Actually, I didn’t. I had no idea what I was going to say, but I was under orders.
I received a sour look from the Prof, who said, “How very interesting. However, I haven’t quite finished.”
I held up a palm. “If you’ll indulge me, sir, my thought is this—survival is the issue here. It is the moral imperative of moral imperatives. No smaller issue can be permitted to intrude.”
The Prof’s eyes widened. His lips twisted in contempt, disguised as amusement. He said, “You take my breath away.”
Henry said, “Go on.”
The Prof shook his head in deep puzzlement. Henry was giving this empty-headed floozy the floor?
I said, “The idea is to save the species. Nothing else matters.”
“In other words, play God,” said the Prof. “Do whatever you feel like doing and devil take the hindmost?”
“No, sir. Do what’s possible in the circumstances.”
“Nonsense,” said the Prof.
I developed my nonsensical thoughts at some length while the Prof stood helplessly by because Henry let me talk, seemed even to w
ant me to talk.
At last the Prof spoke. “Balderdash!” he said.

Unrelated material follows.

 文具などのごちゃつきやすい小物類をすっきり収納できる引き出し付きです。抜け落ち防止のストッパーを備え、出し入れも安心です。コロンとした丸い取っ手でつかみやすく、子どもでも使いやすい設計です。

He turned on his heel without so much as a nod to Henry, let alone the rest of us, and strode out of the room, then out of the house. Apparently he did not brook contradiction.

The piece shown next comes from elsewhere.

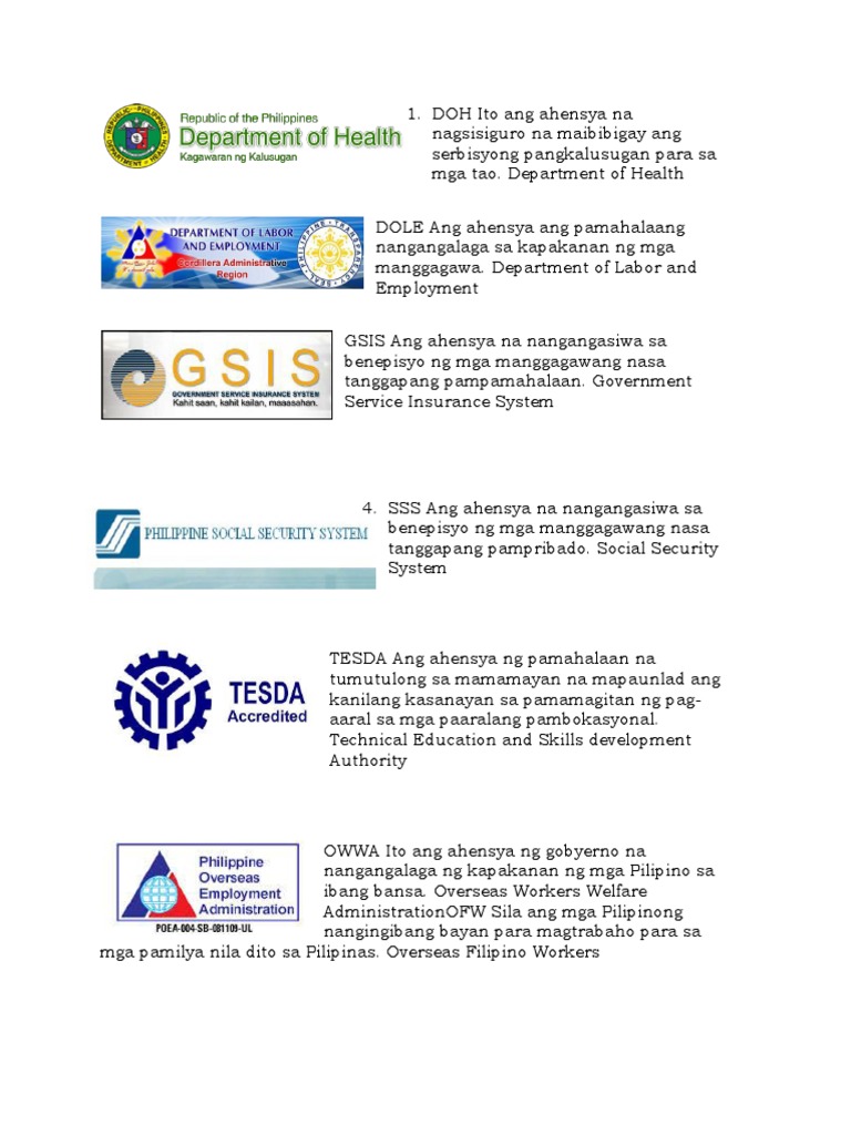 Mga Tungkulin At Kagawaran Ng Pilipinas

“Shall we go on?” Henry asked.
We did so, until the sun went down. I took little part in the discussion, which turned practical and technical the moment the Prof departed—how many engineers did we need, how many physicians, teachers, pilots, navigators? Should the ethnic balance duplicate the numbers on Earth, or should selection ignore race and consider only usefulness? No one else referred to my behavior toward the Prof, but it bothered me. If past experience was any guide, it would probably continue to bother me for years.

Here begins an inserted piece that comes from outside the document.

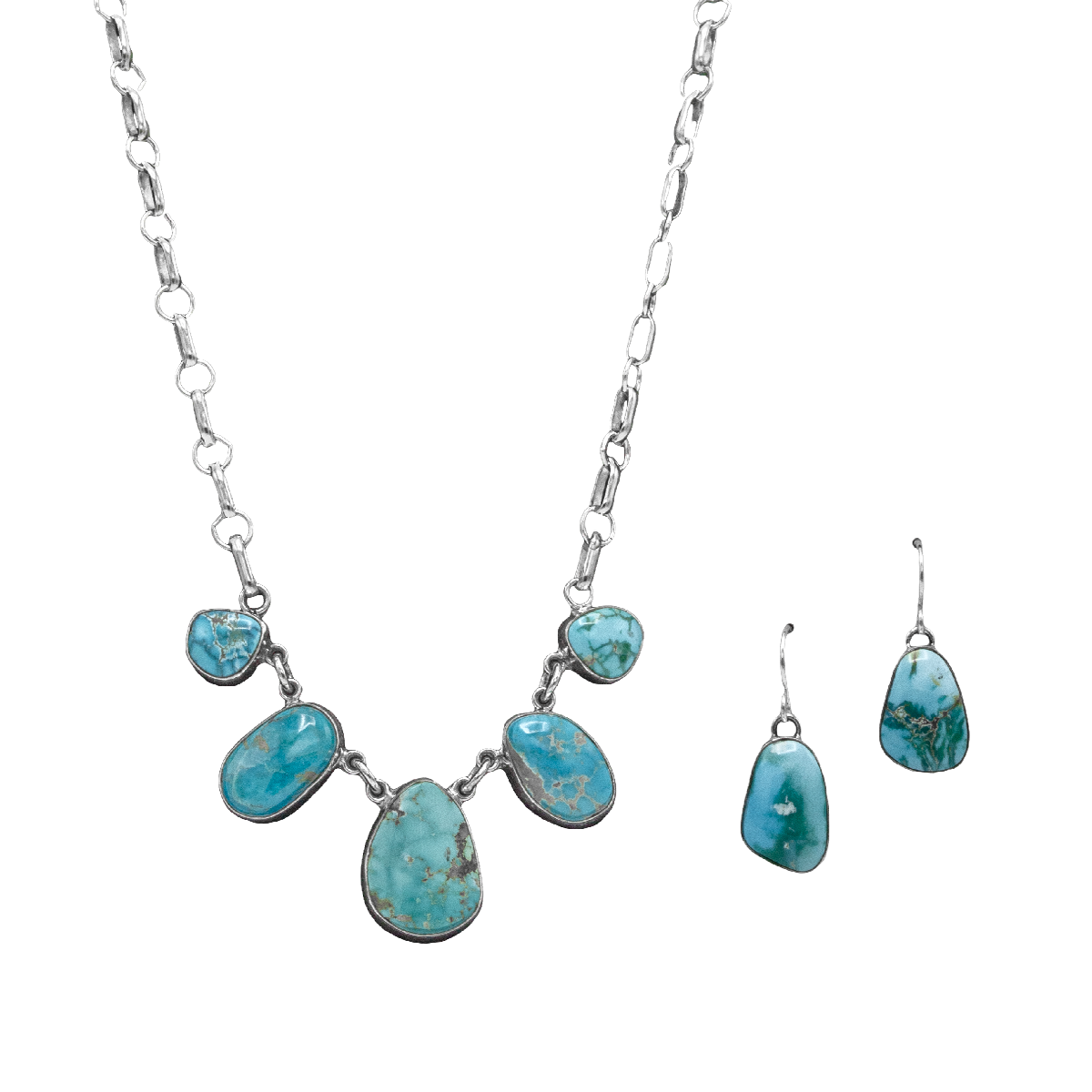 5 Stone Royston Turquoise Necklace and Earrings Set. Necklace is 18″ in length and earrings are 1″ long.

Embarrassment had been my faithful companion for most of my life. Now it sat down beside me at dinner, when the German engineer, while pulling back my chair, congratulated me on my victory.
“Pompous ass,” said the German, who had been educated in England and gotten his money’s worth in terms of accent. “A bit of humiliation will do him good.”
“I wasn’t trying to humiliate anyone.”
“You rang his bell anyway, old girl. Well done.”
After dinner, Garbo materialized and murmured into my ear.
She said, “I’m told everyone is spending the night. And that brings me to a question.”
“Which is?”
“You and Henry. One room or two?”
“Two.”
Her eyes were bright, and in them you could read her thoughts. She wasn’t fooled by this deception, not Garbo. What else could I be for if not to sleep with the trillionaire?
But as things turned out, I did spend part of the night with Henry. Before dawn—it was still dark of night—I heard someone tapping on my door. My visitor was Henry. He was fully clothed, Yankees cap and all.
“I’m going out for coffee,” he said in a half whisper. “Want to join me?”
In the nearest town he found a Dunkin’ Donuts with a bunch of pickup trucks parked outside. Inside, everyone was dressed pretty much the same way Henry was—that is to say, like people who lived from paycheck to paycheck. Most of the guys were beefy, and when he came back to the table with our breakfast, I understood why. Each donut represented an instantaneous weight gain of not less than twice its own bulk. Henry had bought us two apiece, along with two enormous cups of coffee.